Nulle doute que cette pression diplomatique pour la levée des sanctions fera réfléchir l’administration américaine. Il est clair que la politique de « pression maximale » sur l’Iran a largement échoué. La construction de l’oléoduc en dépit même des sanctions en constitue une preuve éclatante. Pourtant, la levée des sanctions dépendra de la capacité des deux acteurs à faire des compromis.
Aujourd’hui, la situation semble bloquée. D’un côté, Téhéran demande la levée immédiate des sanctions avant tout retour à l’accord sur le nucléaire. D’un autre côté, Washington demande le retour de l’Iran dans l’accord avant de lever les sanctions. Ces négociations seront d’autant plus difficiles que l’Iran va élire un nouveau président en juin prochain.

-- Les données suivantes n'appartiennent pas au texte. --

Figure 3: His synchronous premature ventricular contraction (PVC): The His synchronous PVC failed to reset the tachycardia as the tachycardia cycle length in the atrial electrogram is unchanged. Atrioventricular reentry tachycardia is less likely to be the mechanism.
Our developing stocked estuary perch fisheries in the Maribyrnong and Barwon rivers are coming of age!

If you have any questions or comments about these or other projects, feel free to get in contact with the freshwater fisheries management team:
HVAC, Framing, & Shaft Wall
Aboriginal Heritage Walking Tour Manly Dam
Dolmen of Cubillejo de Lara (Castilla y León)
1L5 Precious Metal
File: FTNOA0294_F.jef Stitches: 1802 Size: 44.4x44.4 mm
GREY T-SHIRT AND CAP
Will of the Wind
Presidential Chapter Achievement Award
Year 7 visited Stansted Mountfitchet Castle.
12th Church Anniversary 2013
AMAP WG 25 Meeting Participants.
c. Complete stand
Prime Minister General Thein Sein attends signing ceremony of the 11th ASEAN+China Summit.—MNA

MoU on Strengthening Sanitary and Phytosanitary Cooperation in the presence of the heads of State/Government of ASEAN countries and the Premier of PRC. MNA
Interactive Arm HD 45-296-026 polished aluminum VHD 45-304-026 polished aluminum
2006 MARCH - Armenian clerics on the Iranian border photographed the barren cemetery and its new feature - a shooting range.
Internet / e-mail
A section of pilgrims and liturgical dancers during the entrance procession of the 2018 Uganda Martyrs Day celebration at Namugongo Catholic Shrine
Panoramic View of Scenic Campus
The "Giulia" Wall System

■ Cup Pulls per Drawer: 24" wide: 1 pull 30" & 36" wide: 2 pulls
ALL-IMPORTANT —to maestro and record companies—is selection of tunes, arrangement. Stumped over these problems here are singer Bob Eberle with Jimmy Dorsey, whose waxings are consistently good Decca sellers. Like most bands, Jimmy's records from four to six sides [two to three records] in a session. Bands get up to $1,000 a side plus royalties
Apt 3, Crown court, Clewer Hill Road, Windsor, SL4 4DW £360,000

Pour Biden, la mise en service du Goreh-Jask Pipeline pourrait représenter à la fois une opportunité et une faiblesse. Une opportunité car Téhéran pourrait faire des concessions en vue de profiter rapidement de l’oléoduc pour accroitre ses exportations. Une faiblesse également car l’oléoduc renforce la position iranienne dans la région, en particulier dans le détroit d’Hormuz. Pour l’Iran, l’oléoduc constitue en cela un véritable « game-changer » géostratégique.